何事も楽しくなければ、上達しません。初期研修、専攻医としての研修中には、もちろん皆で丁寧に指導しますが、自分で物事を考えられるように誘導しなければ、本当の仕事の楽しさはわかるようにはなりません。教育においてはそこが重要と思っています。
なにより、仕事は楽しく行うというのが私のモットーで、教室員にも浸透しています。Enjoy Radiology! が当教室の基本ポリシーです。

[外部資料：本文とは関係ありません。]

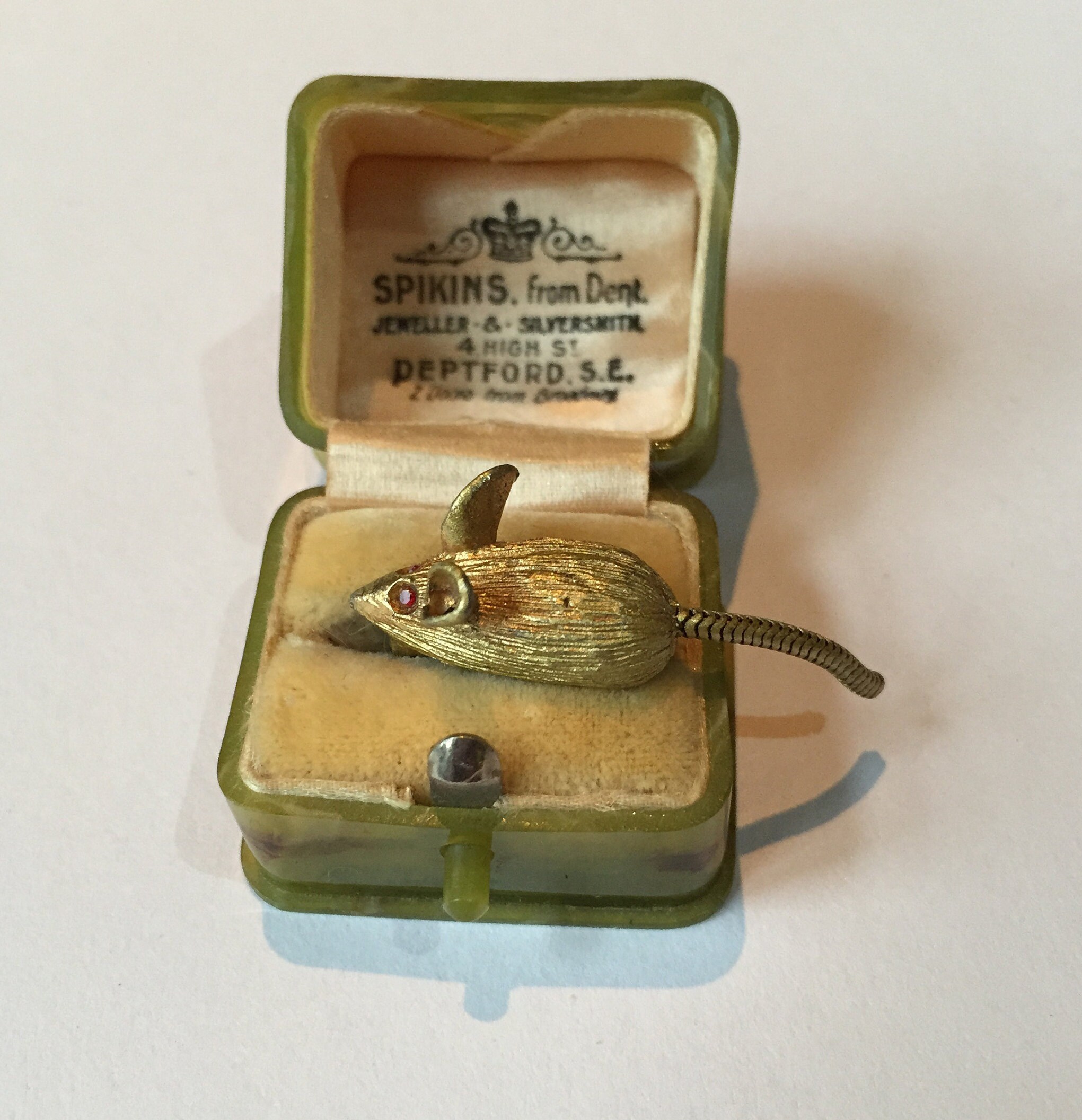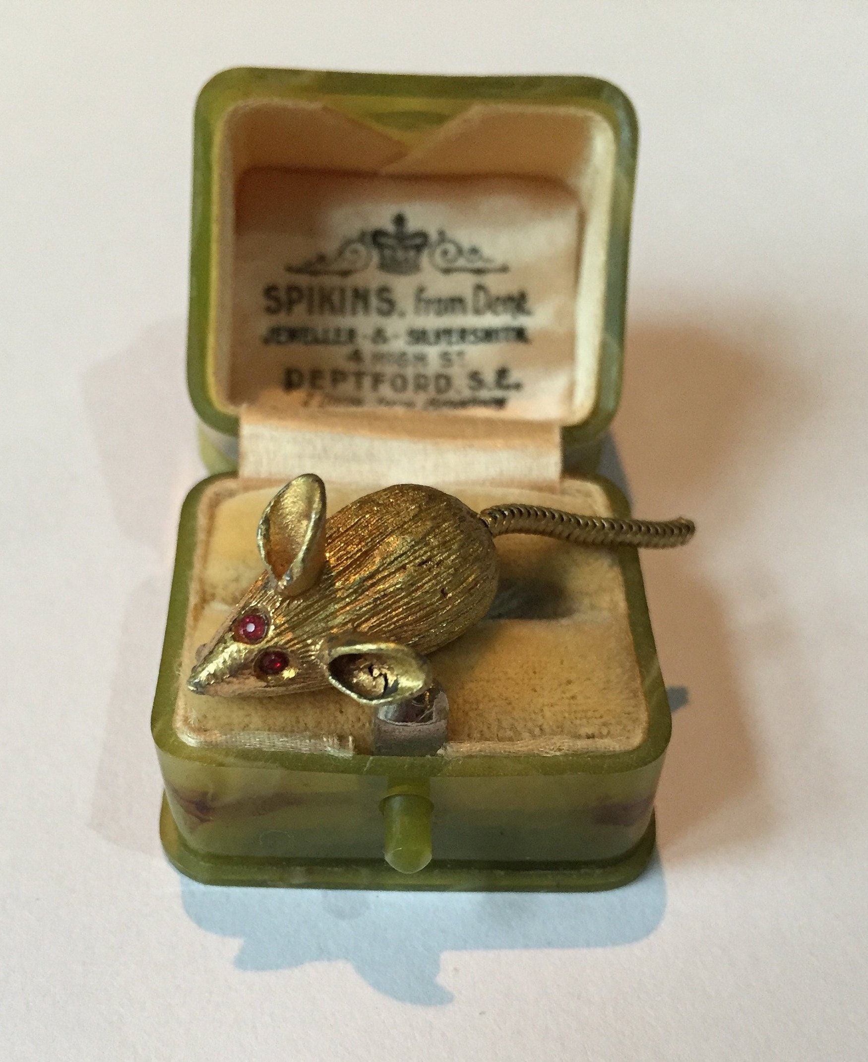 A Charming vintage gold Mouse brooch with moving tail and fantastic rhinestone cute eyes. Exquisite design and quality, love this item very unusual fun item. Very rare and unusual.

当教室の特徴としては関連施設の豊富さです。多数の大学、研究所、大病院が関連施設で活発に人事交流を行っています。全国から優秀な人材も続々と集まってきています。キャリアパスは量も種類も豊富です。海外とのコネクションも多くあり、希望に応じで留学もできます。現在、日独放射線医学交流計画の代表を私が務めてもいます。
診療、研究内容
本教室は高橋先生や佐久間先生の時代は新規技術の開発が研究の主体でしたが、最近は、診療に重点をおいていますので、臨床的な研究を幅広く行っています。最近のテーマとしては、脳や感覚器の老廃物排泄機構(glymphatic systemなどの間質液動態)の解明(世界をリードしています)、高磁場MRIの臨床応用(特に、腹部4D-flow, 内耳内リンパ水腫、乳腺など)、高精度放射線治療(特に頭頸部腫瘍、食道腫瘍、前立腺がん、子宮腫瘍、不整脈など)、先端CT画像と病理の対比(特に、胆膵、肺、大腸など)、新規IVR技術の開発と応用、異種モダリティ画像の融合による治療への応用、人工知能(AIを含めた)コンピューター診断支援法開発やRadiomics、医療におけるITソリューションの開発、新規核医学診断法開発と評価などです。対象臓器は脳、頭頚部、甲状腺、胸部、腹部、骨盤などほぼ全身にわたる臨床、研究を行っています。研究の方向性としては、被曝低減、低浸襲の追求(低侵襲診断、低侵襲治療をめざしており、まさに現代医療のベクトルと完全に合致しています)が第一です。第二に単に新しい技術の評価のみでなく、画像から疾患の本態へせまる世界で唯一のオリジナルな仕事をめざしています。つまり従来、観察不能であったものを可視化することや各科との協力に基づく臨床研究に重きをおいています。私のライフワークであった、メニエール病の内リンパ水腫の可視化も2007年に名大耳鼻科の前 中島務教授との共同研究により世界ではじめて達成出来ました。また第三に機器メーカーと共同での新技術開発も行っています。これは自国民のための医療機器を作っていないような国は先進国とは言えないので、日本が先進国であり続けるために努力し、海外の流行を後追いするようなことは極力しないように心がけています。
まとめ
最近は、放射線科は入局先として、学生や初期研修医、他科の専攻医からのコンバート組の間で人気も急上昇してきていますが、まだまだ放射線科医は日本では不足しています。どこの病院でも引く手あまたです。これから、次世代を担う皆さんと共に、日本の医学、医療の発展のために、力を発揮していきたいと思います。放射線科の領域は拡大が続いており、若い方が国内外で臨床でも研究でも活躍できる機会にものすごく恵まれています。ぜひ一緒に、放射線医学を楽しみながら未来を創っていきましょう。現在、当教室は優秀な指導者、臨床医、研究者に多数恵まれた国内でも有数の放射線医学教室になっていると自負しております。大まかな目標を示すとしても、自主性を尊重しつつ、若い人の進む方向の微調整をするのが私の役割と思っています。なにより、若い時点で成功体験を積ませることがなによりの指導と考えています。また組織として、構成員の多様性を最大化することも、組織が変化し、さらに成長するために必須であるとも考えています。